– Прошу прощения, – покачал я головой. – Но пусть это вас не беспокоит. К нам довольно редко забегает почтальон. А кто вы, сэр?
– Солли Левин. Житель Нью-Йорка, – зачем-то прибавил человечек в клетчатой куртке. Он покровительственно обнял за широкие плечи молодого человека, сидевшего рядом. – А это мой мальчик Джонни.
– Ваш мальчик? Сын?
Мне показалось, что они похожи.
– Выбросьте это из головы, – растягивая слоги, произнес молодой человек. – Меня зовут Джонни Зейгеро. Солли мой менеджер. Извините, что затесался в столь приличное общество. – Окинув взором собравшихся, он задержал взгляд на роскошной молодой даме, сидевшей возле него. – Я что-то вроде кулачного бойца. Это и означает «боксер», Солли.
– И вы ему поверили? – патетически воскликнул Солли Левин, воздев сжатые в кулаки руки. – Вы ему поверили? Он еще извиняется. Джонни Зейгеро, будущий чемпион в тяжелом весе, извиняется за то, что он боксер. Это же надежда белого мира, вот кто он такой. Соперник номер три нынешнего чемпиона. Друзья зовут его…

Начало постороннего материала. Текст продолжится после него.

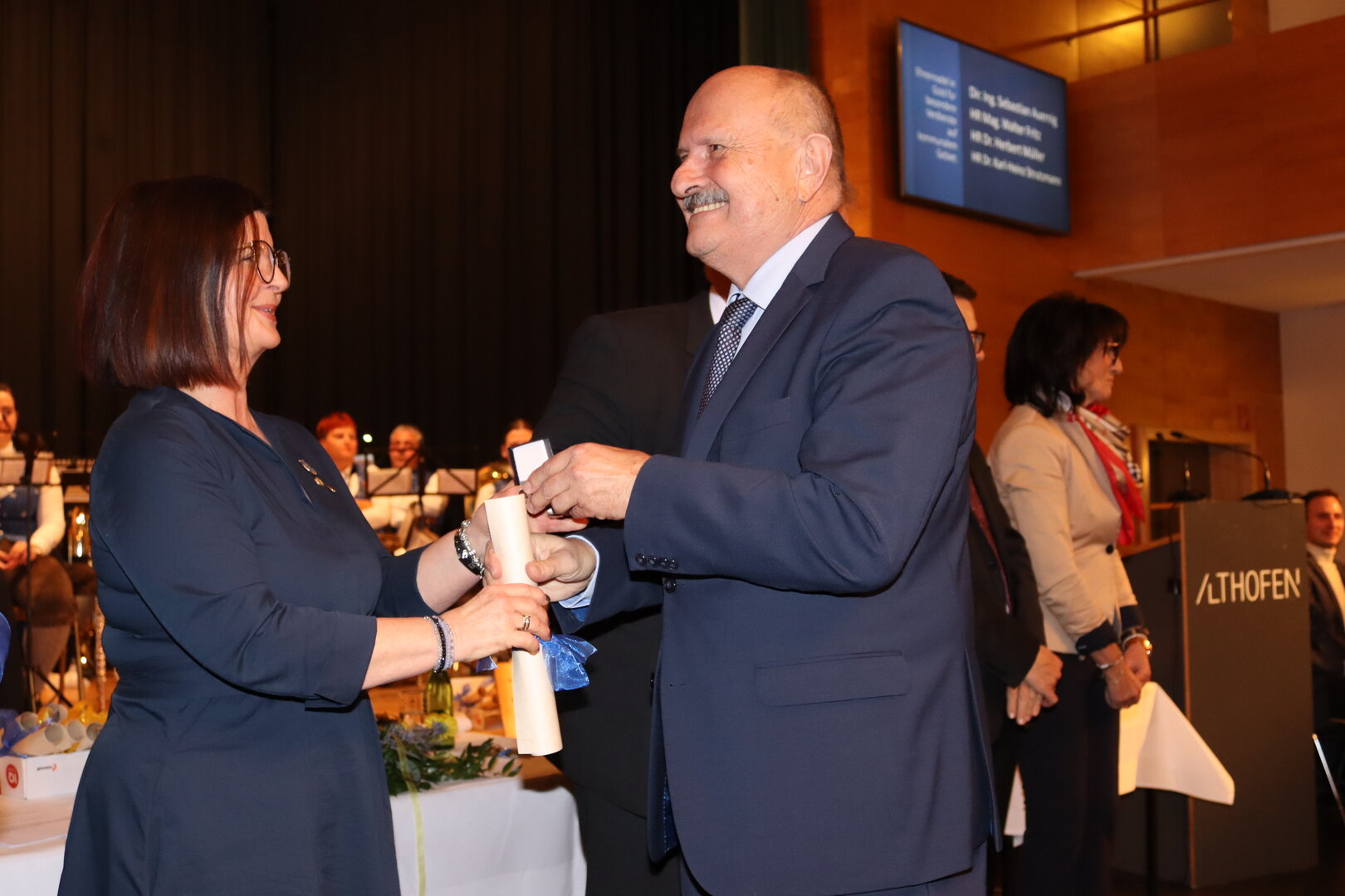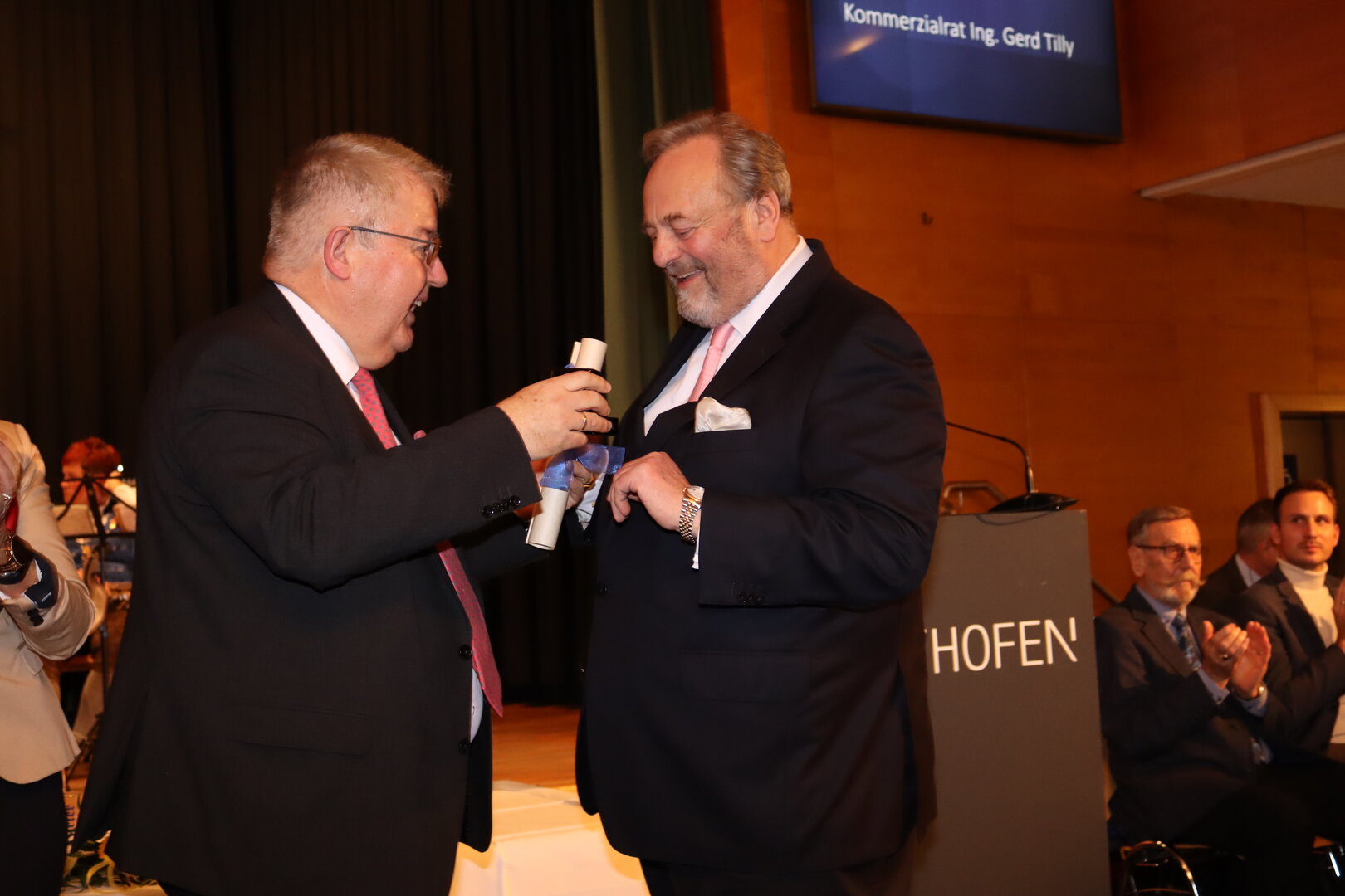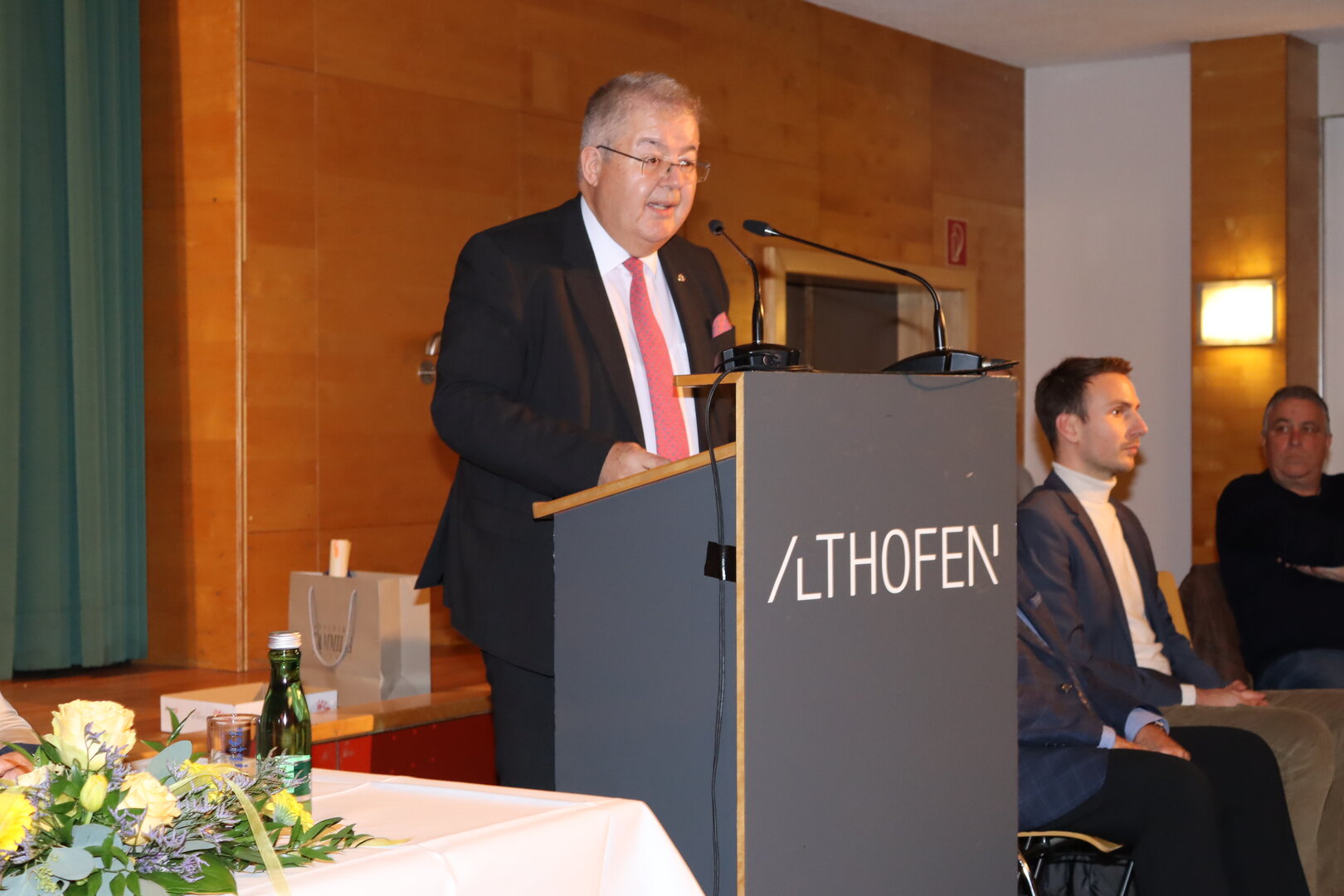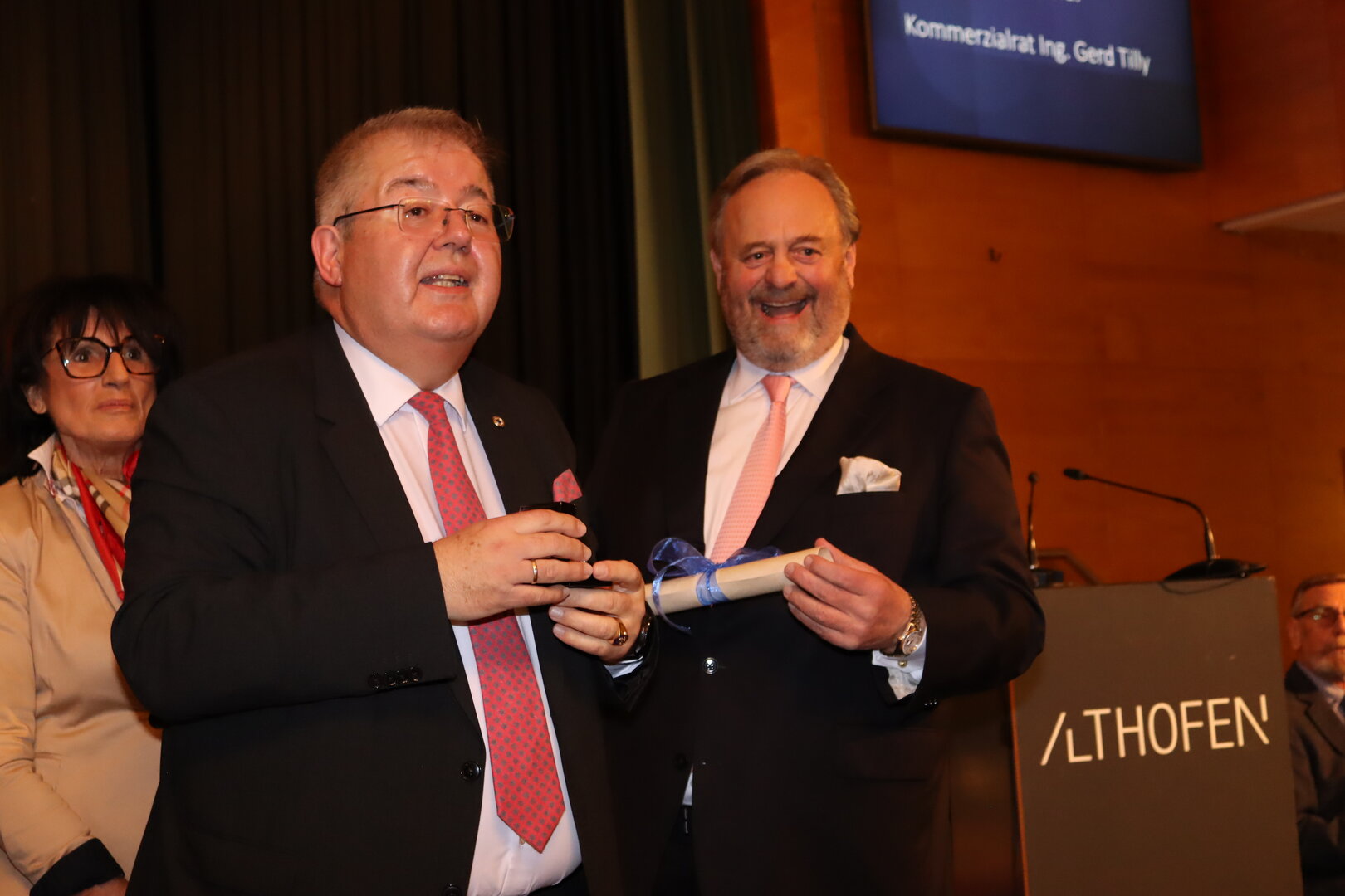 Einer der Höhepunkte des Abends war die feierliche Überreichung des Wappenringes in Gold an Kommerzialrat Ing. Gerd Tilly. In seiner Dankesrede zeigte sich der Unternehmer tief bewegt und sprach nicht nur den politisch Verantwortlichen der Stadtgemeinde Althofen seinen Dank aus, sondern auch seinen Mitarbeiterinnen und Mitarbeitern, die maßgeblich zu seinem Erfolg beigetragen haben.

– Спроси доктора Мейсона, слышал ли он когда-нибудь обо мне, – осадил его Зейгеро.
– Это еще ни о чем не говорит, – улыбнулся я. – Но внешность у вас не боксерская, мистер Зейгеро. Да и речь тоже. Я не знал, что бокс – один из предметов, которые изучают в Гарвардском университете. Или вы окончили Йельский?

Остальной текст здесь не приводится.